Stored data:
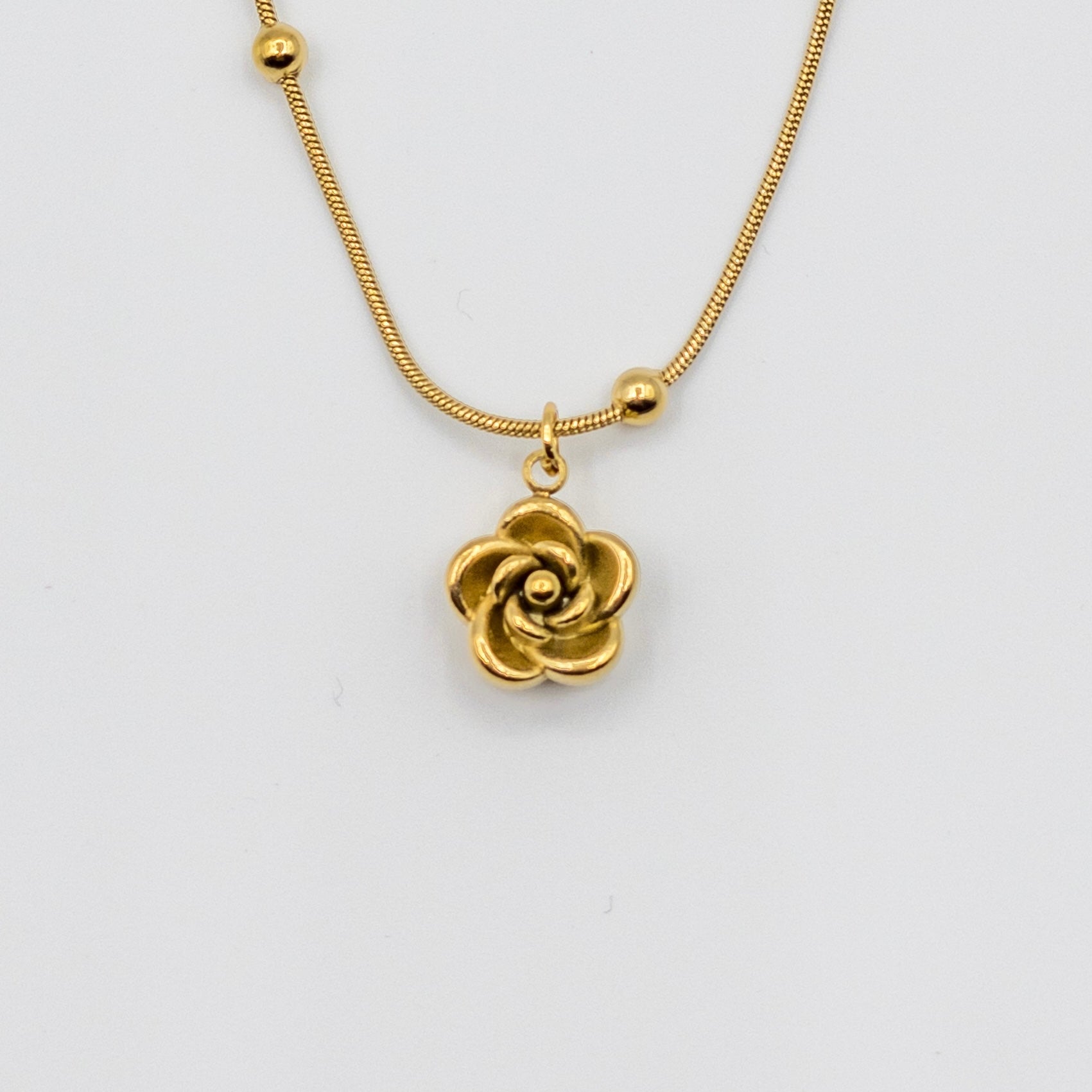 Design: Round Snake Chain with Gold Beads & Rose Charm.
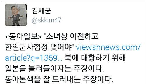 북한 5차 핵실험 사태와 관련 동아일보가 “소녀상을 이전하고 한일군사협정을 맺어 한일 군사협력을 강화해야 한다”고 주장하고 나서 비난이 일고 있다.
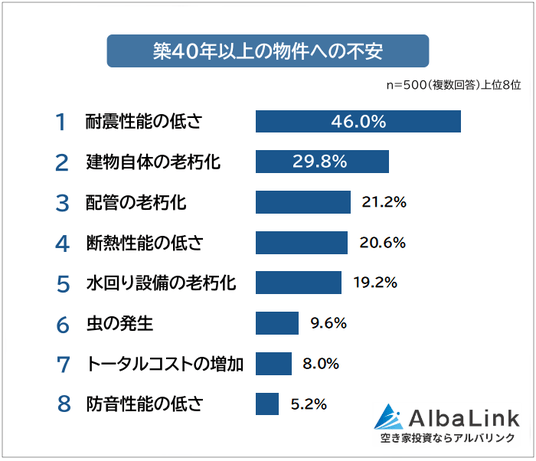 築40年以上の物件への不安1位は「耐震性能の低さ」
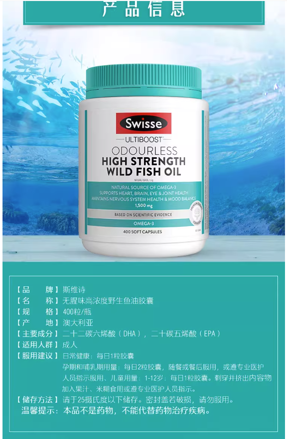 • 商品名称:Swisse odourless fish oil 1000mg 无腥鱼油 400 Capsules
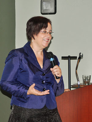 Jeanette delgado se dirige a los presentes durante el Primer Encuentro de Educadores Puertorriqueños.

HOW TO COMPLETE THIS TASK: Output the records above exactly; leave out the pictures.

RESPONSE AREA:
 Design: Round Snake Chain with Gold Beads & Rose Charm.
 북한 5차 핵실험 사태와 관련 동아일보가 “소녀상을 이전하고 한일군사협정을 맺어 한일 군사협력을 강화해야 한다”고 주장하고 나서 비난이 일고 있다.
 築40年以上の物件への不安1位は「耐震性能の低さ」
 • 商品名称:Swisse odourless fish oil 1000mg 无腥鱼油 400 Capsules
 Jeanette delgado se dirige a los presentes durante el Primer Encuentro de Educadores Puertorriqueños.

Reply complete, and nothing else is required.